Título: Quando migrar vira uma profissão
Autor: Luciana Garbin e Rosa Bastos
Fonte: O Estado de São Paulo, 07/08/2005, Metrópole, p. C1

Nos meios acadêmicos, eles são chamados de migrantes profissionais. São brasileiros que migram em busca de melhores condições, mas, pela incapacidade dos grandes centros em absorver mão-de-obra formal, a falta de mobilidade social e as desigualdades regionais, acostumam-se a ir e voltar. O pernambucano Iraires Soares da Silva, de 23 anos, chegou quarta-feira à noite, pela quarta vez. De bermuda, camiseta e sandálias caminha pela rodoviária, velha conhecida. Do ônibus, vai direto para o orelhão telefonar para a pessoa que prometeu o serviço numa obra. Com ele, José Rodovaldo Gomes, de 21, marinheiro de primeira viagem, mãos geladas, agoniado. Além de São Paulo, Iraires já foi três vezes a Brasília. "Em minha terra, não tem serviço. Venho, ganho um dinheirinho e volto." Quando a grana acaba, vem de novo.

"Falavam que aqui era bom e vim fazer um teste", conta o cozinheiro Josias Paulino dos Santos, de 23 anos, pronto para embarcar para Patos (PB) com caixas de roupas, ventilador e aparelho de som. "Deu saudade e vou passar um tempo lá. Se estiver ruim, volto de novo."

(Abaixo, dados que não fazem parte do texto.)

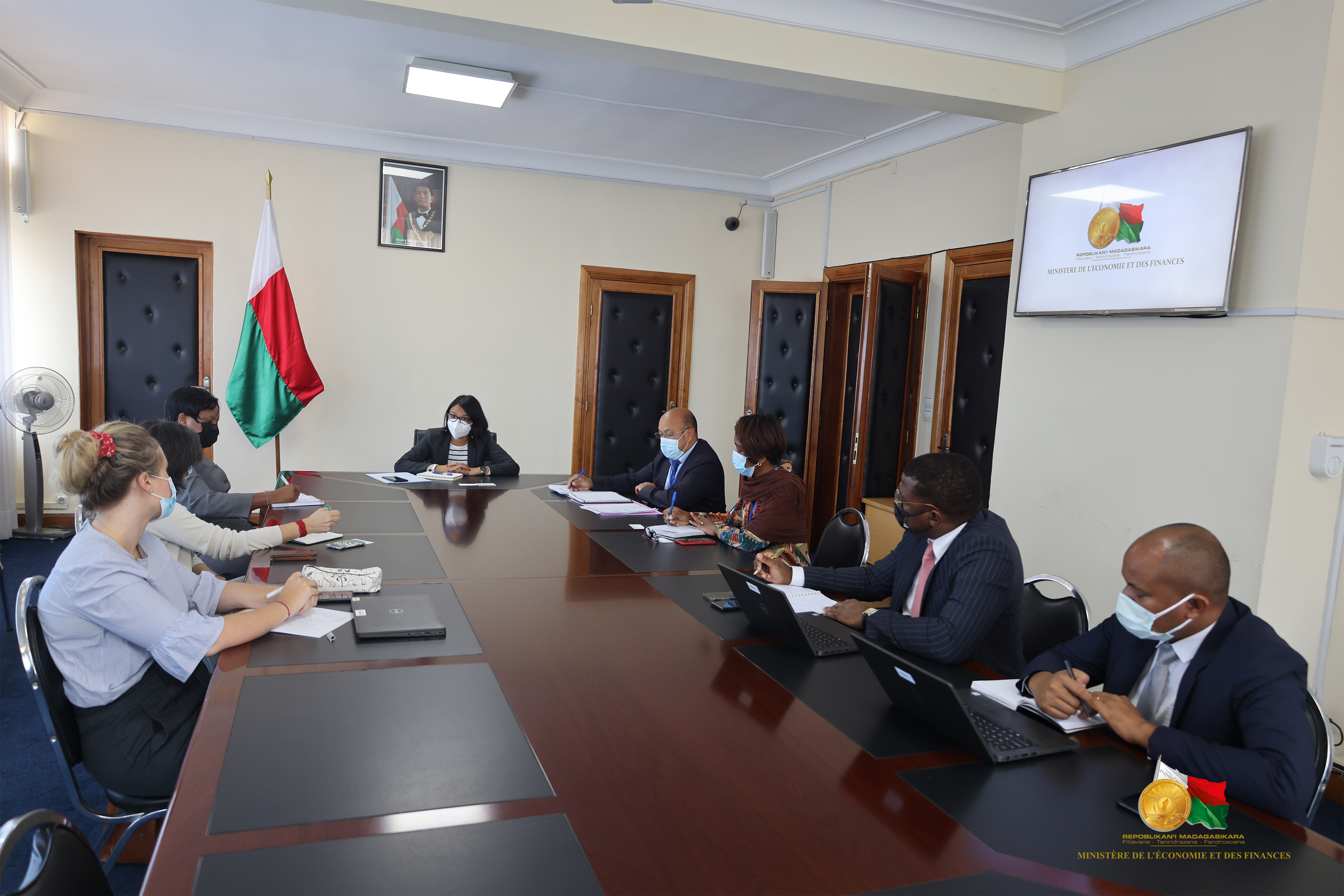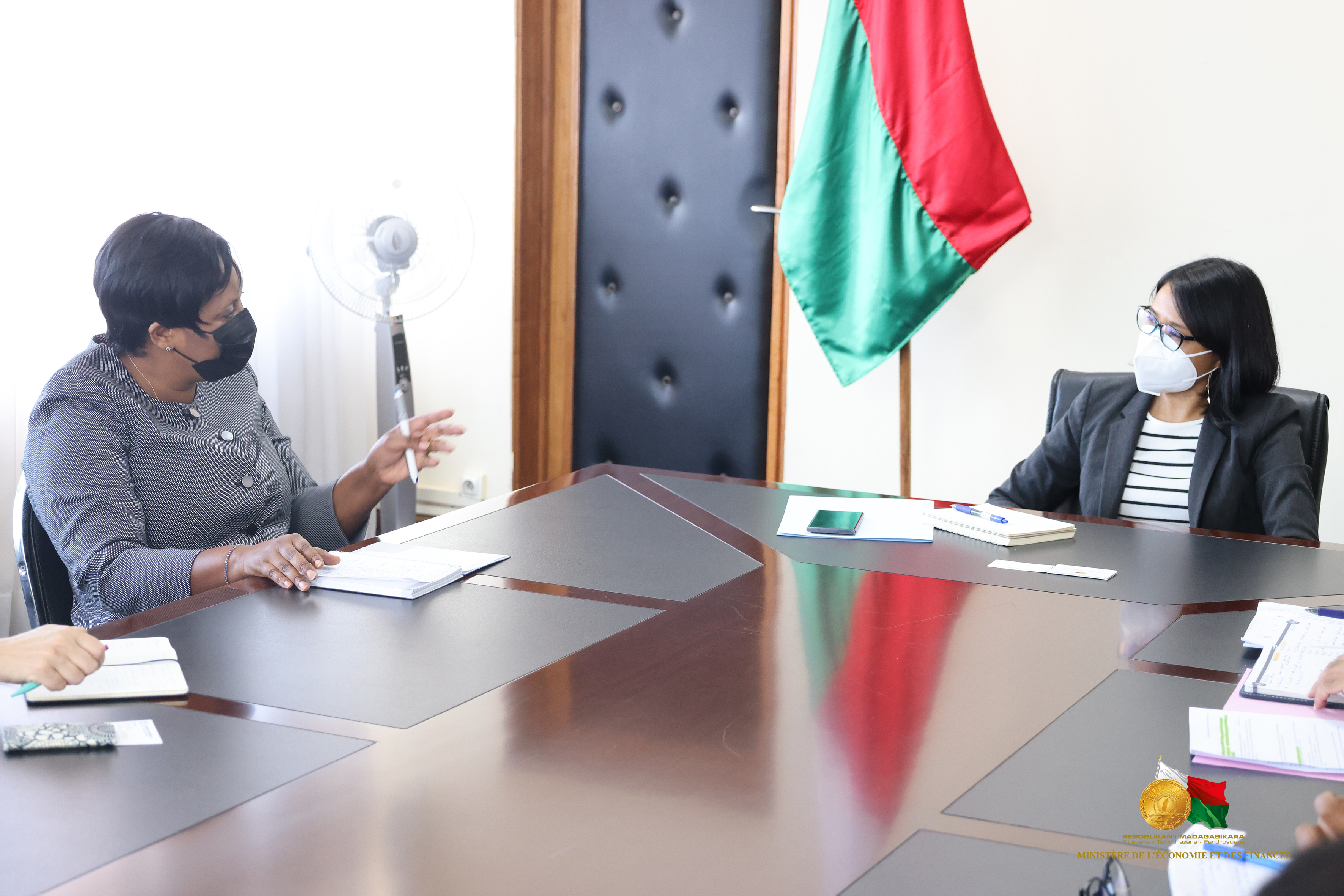 Après cette visite, Madame le Ministre et ses collègues ont enchainé par une réunion de travail avec une équipe de la Banque Mondiale, conduite par Madame Marie-Chantal Uwanyiligira, Représentante Résidente de la Banque Mondiale à Madagascar. Les discussions se sont focalisées sur :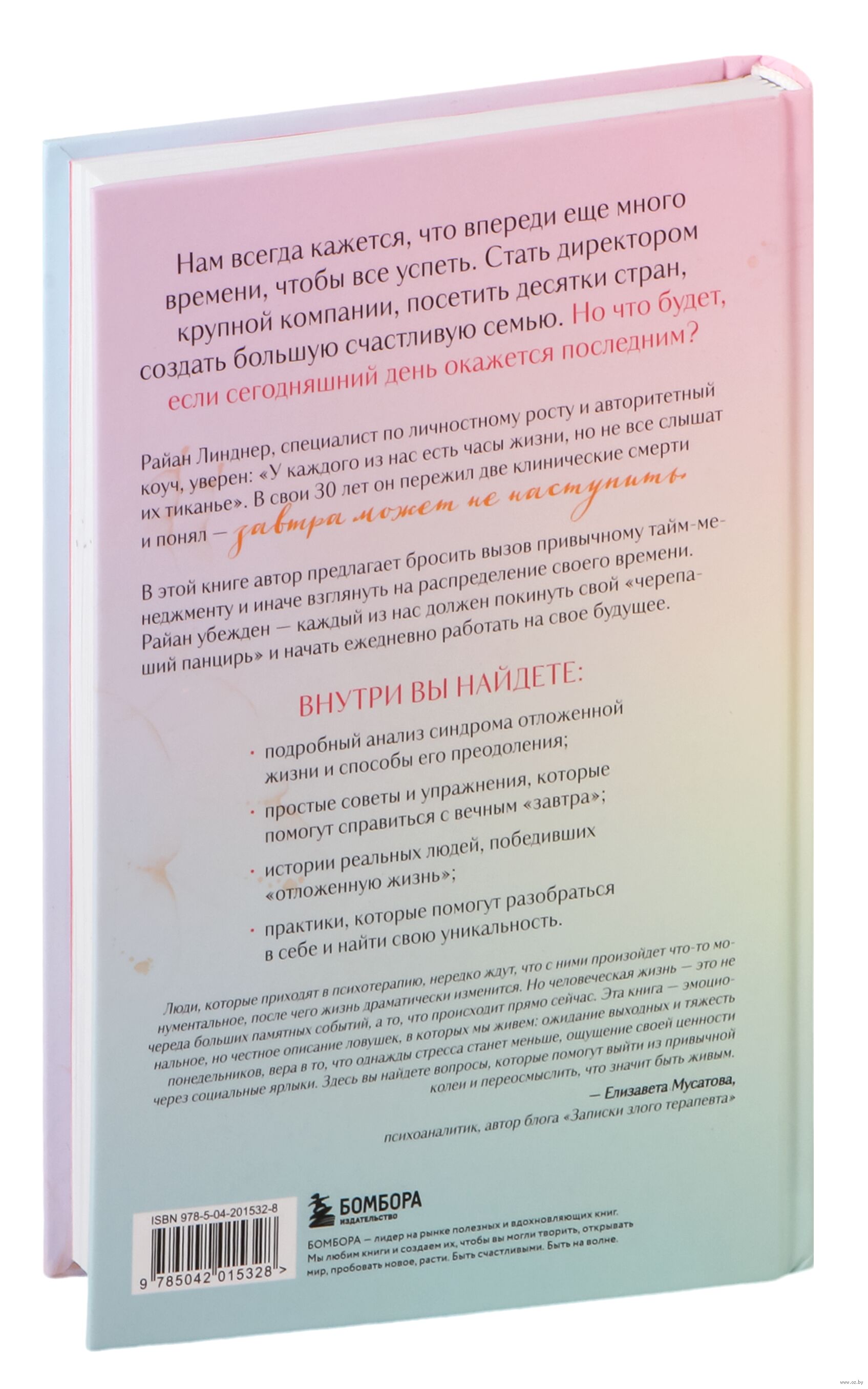 Райан Линднер, специалист по личностному росту и авторитетный коуч, уверен: "У каждого из нас есть часы жизни, но не все слышат их тиканье". В свои 30 лет он пережил две клинические смерти и понял – завтра может не наступить.

A seu lado, o conterrâneo Eliano Nogueira Suzano, de 33 anos, é veterano nas idas e vindas. Nos últimos 13 anos, fez dez vezes o trajeto entre Patos e São Paulo. A última nesta semana, depois de pedir demissão do emprego. "O pai tem comércio e fico lá ajudando ele", planeja. E por que não permanece? "Porque gosto de trabalhar. Passado o São João, lá fica muito parado. Aí venho para São Paulo."

Este ano mudou os planos por causa da promessa feita a Silvaneide, a noiva com quem deve se casar em dezembro. E já tomou o ônibus na quarta-feira para dar tempo de pegar a festa de recordação de São João, na sexta. "Este ano vai ter até Calcinha Preta e Gatinha Manhosa (bandas famosas no Nordeste). Não podia perder."

Seu plano é voltar a São Paulo em janeiro, com Silvaneide. Mas a amigos que pretendem fazer o mesmo ele dá conselhos. "São Paulo já foi bom, mas para vir agora não vale a pena. Não dá mais, tudo é caro."

O demógrafo José Marcos Pinto da Cunha, professor do Instituto de Filosofia e Ciências Humanas e coordenador do Núcleo de Estudos de População (Nepo) da Unicamp, conta que esse vaivém dos migrantes tem a ver com a mobilidade truncada - a dificuldade de ascensão social verificada desde meados dos anos 80 -, conseqüência de transformações econômicas sofridas em particular pela indústria, do crescimento dos serviços, da queda de absorção da mão-de-obra migrante.

"As possibilidades que as regiões de origem oferecem são poucas e deixam as pessoas sem opção. Então elas migram", explica. "O mercado de trabalho é o que dá maior possibilidade de ascensão social. Mas, com o aumento do desemprego e sua precarização, a permanência (nos locais de destino) reduziu-se abruptamente."

Por sua riqueza, mesmo já não apresentando as melhores alternativas, São Paulo ainda oferece mais possibilidades que muitas outras regiões. "A pessoa já não consegue forma de inserção mais definitiva, mas tem pelo menos como subsistir. Tem gente que migra não só por emprego, mas para ter acesso a melhores serviços, escola, saúde", afirma Cunha.

"A turma fala que não volta mais, mas infelizmente acostuma. Por mais difícil que seja São Paulo, sempre se consegue arrumar algum dinheiro", confirma Misael Oliveira da Rocha, de 39 anos, ex-metalúrgico, cozinheiro e cabeleireiro, que na semana passada voltou a Medeiros Neto (BA). Se levava algo? "Só a coragem." Além de umas encomendas - carrinho de bebê, roupas velhas e vasilha com peixe frito - e o plano de cortar cabelos em sua cidade.